The Board of Directors of The National Book Foundation proudly bestows the Medal for Distinguished Contribution to American Letters upon

RAY BRADBURY

What is the role of a writer? "My job," said Ray Bradbury, "is to help you fall in love."

The Board of Directors of The National Book Foundation proudly bestows the Medal for Distinguished Contribution to American Letters upon Ray Bradbury, whose life work has proclaimed the incalculable value of reading; the perils of censorship; and the vital importance of building a better, more beautiful future for ourselves and our children through self-knowledge, education, and creative, life-affirming attentiveness and risk-taking.

These values are the bedrock of The National Book Foundation.
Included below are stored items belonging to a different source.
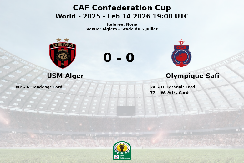 Alger, le 14 février 2026 – Lors d’un match disputé au Stade du 5 Juillet, l’USM Alger et l’Olympique Safi se sont affrontés dans le cadre de la Coupe de la Confédération de la CAF. L’équipe locale, l’USM Alger, a largement dominé la possession du ballon, atteignant 73 % contre 27 % pour son adversaire.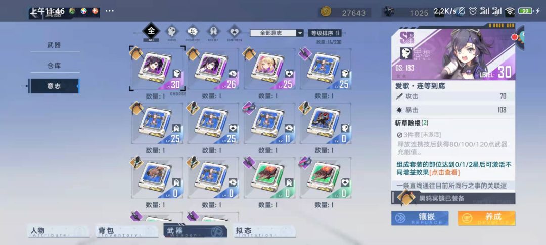 幻塔萌新小常识(意志篇) 各位来自异世界的拓荒者你们好,我是挨打星大魔王,欢迎来到挨打星接受毒打,之前已经让你们对武器有了一个详细的认识,接下来说说提升武器作战能力的关键因素——意志。 在我们武器界面的右上角有一个小方块,这里就是意志的入口,它的四个角就是意志的镶嵌位置和外在表现,颜色代表品质,绿色是N,蓝色是R,紫色是SR,金色是SSR. 进去之后的界面是武器环绕着四个芯片一样的部件,左侧是你所
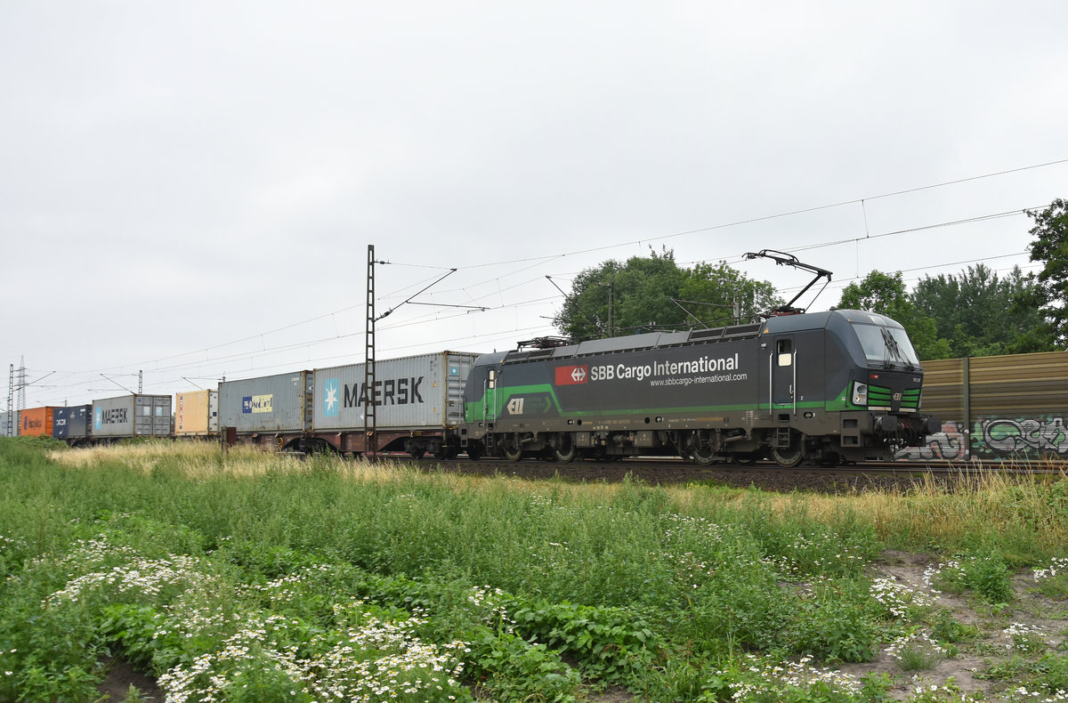 193 201-1 der ELL mit Container kommend aus Richtung Lüneburg. Höhe Bardowick, 26.06.2018.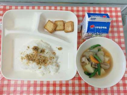 【鶏肉とじゃがいもの煮もの、あつあげのしょうゆだれかけ、紅ざけそぼろ、ごはん、牛乳】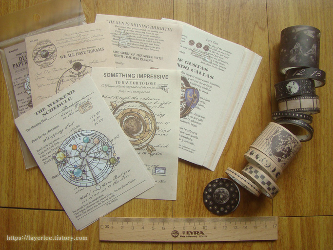이번에 구입한 것 중에 우주 관련 제품 두 가지입니다. 배경지와 마스킹테이프 세트입니다.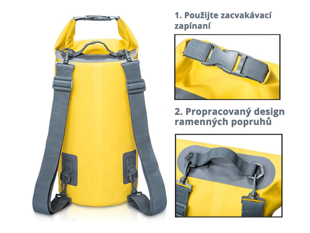 Lodný vak je vybavený dvoma ramennými popruhmi, ktoré možno prispôsobiť za pomoci nastaviteľnej dĺžky. Vezmite do úvahy aj to, že prispôsobiteľnosť batohu budete chcieť využiť pri plavbe v kajaku, pri surfovaní, kempovaní, rybárčení, plávaní, kanoistike alebo pri ďalších vodných športoch.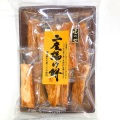 原材料:もち米(国内産100%)、植物油脂、しょうゆ(小麦・大豆を含む)、みりん、砂糖、かつおエキス、でん粉分解物、でん粉/加工デンプン、調味料(アミノ酸等)、カラメル色素、香辛料抽出物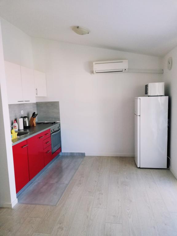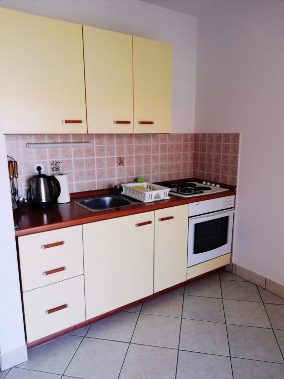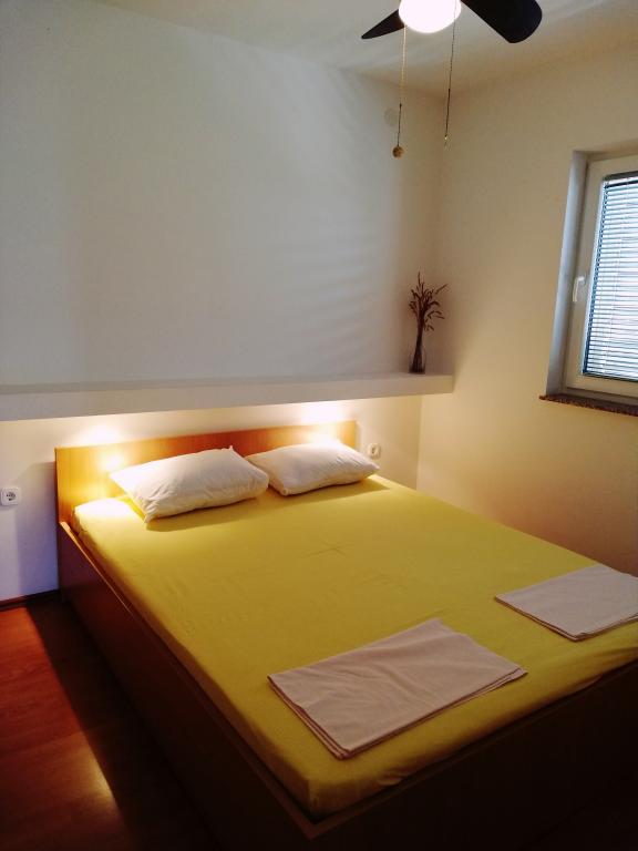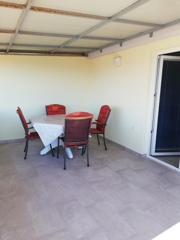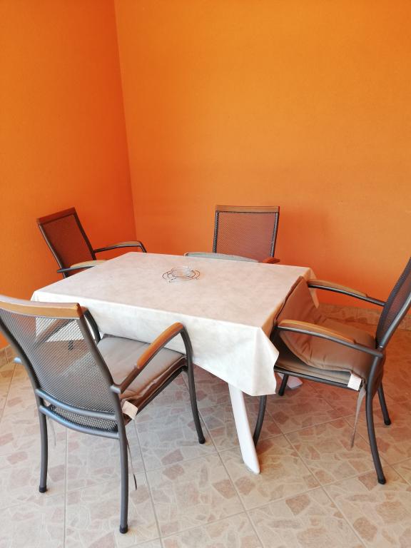 Într-un loc liniștit și familial Mandre, pe insula Pag, oferim cazare în apartamente complet echipate la doar 5 minute de mers pe jos de mare. Nu departe de casă există magazine, farmacie, bancomate, restaurante și cafenele. Pentru a vă face vacanța cât mai plăcută, gazdele stau și ele în casă și sunt mereu la dispoziția dumneavoastră. Apartamentul poate găzdui 4 persoane. Paturile sunt situate într-un dormitor și în camera de zi, la 35m2. Există, de asemenea, o terasă privată (16m2) pentru a vă bucura de serile calde de vară. Bucătăria este echipată cu un frigider / congelator combinat, chiuvetă, aragaz, cuptor, cuptor cu microunde, prăjitor de pâine și ceainic. Parcare, aer condiționat, internet, curățare finală și uscător de păr sunt incluse în prețul total. În curtea casei este permisă pregătirea mâncării folosind un grătar comun.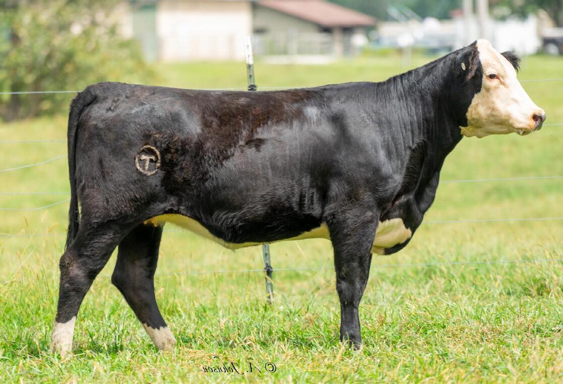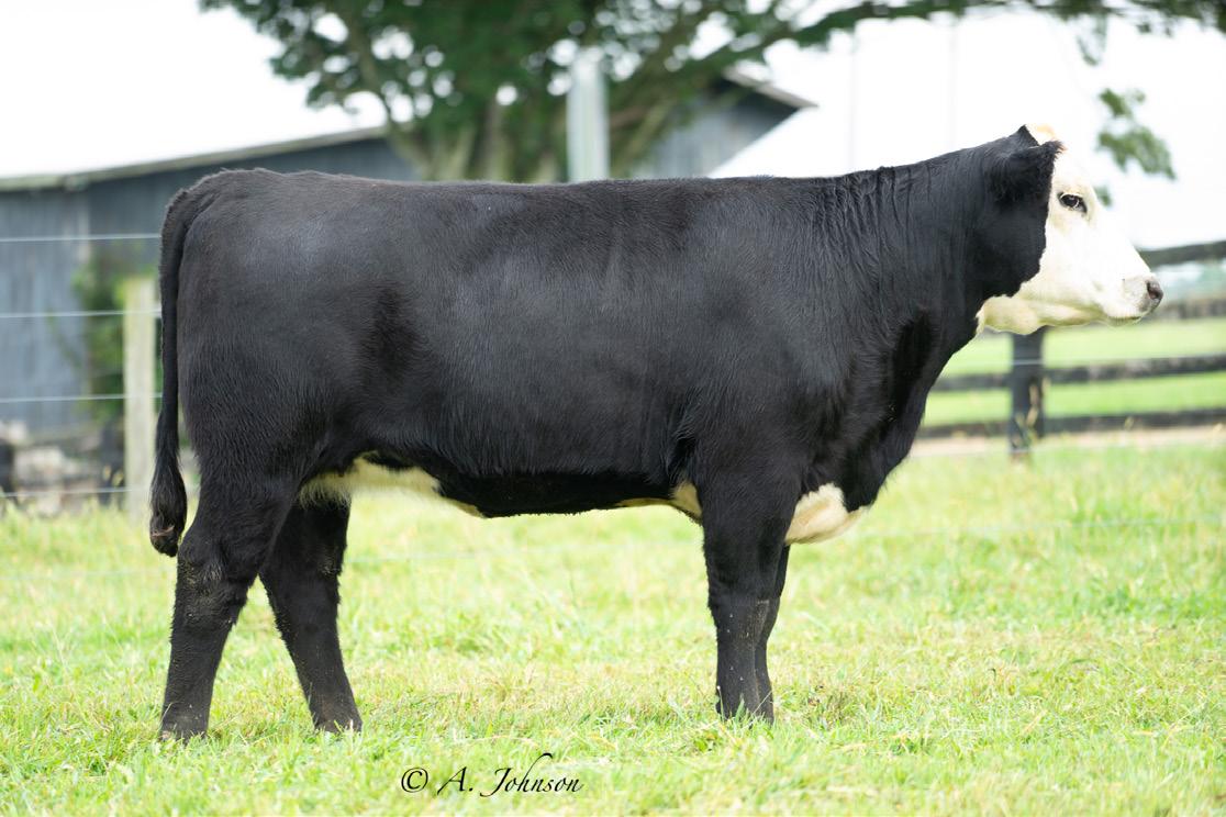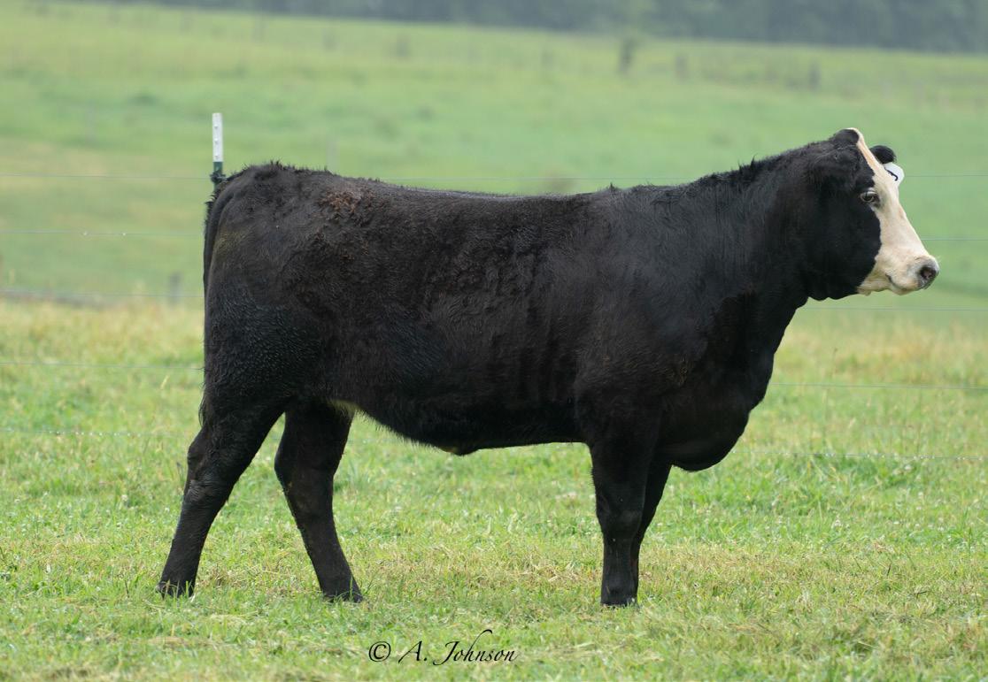 Her grandsire is the Iconic Solomon bull. She has lots of spring of rib and volume. Heifers made like her is what one wants in a working female. She ranks in the top 35% for CED top 20% for BW top 30% for CEM, STAY-ABILITY, API AND TI and top 15% for MARBLING. She sells ready to breed to the bull of your choice.

Our mission is to promote the reading and appreciation of great American literature among audiences across the country.

Novelist, short-story writer, essayist, playwright, children's book author, screenwriter, and poet, 80-year-old Ray Bradbury was first published in 1938, when his story "Hollerbochen's Dilemma" appeared in Imagination!, an amateur fan magazine. His reputation as a leading science fiction writer was established with the publication of The Martian Chronicles in 1950.

Since then, other "crown jewels" in the Bradbury oeuvre include The Illustrated Man (1951), Fahrenheit 451 (1953), Dandelion Wine (1957), and Something Wicked This Way Comes (1962). Among his numerous awards are the O. Henry Memorial Award, an Emmy Award (for his teleplay of The Halloween Tree), the PEN Center West Award, the World Fantasy Award for Lifetime Achievement, and the Grand Master Nebula Award from The Science Fiction and Fantasy Writers of America.

Mr. Bradbury lives in Los Angeles with his wife, Maggie. He continues to be active, writing and lecturing, reminding us that "While art cannot, as we wish it could, save us from wars, privation, envy, greed, old age, or death, it can revitalize us amidst it all."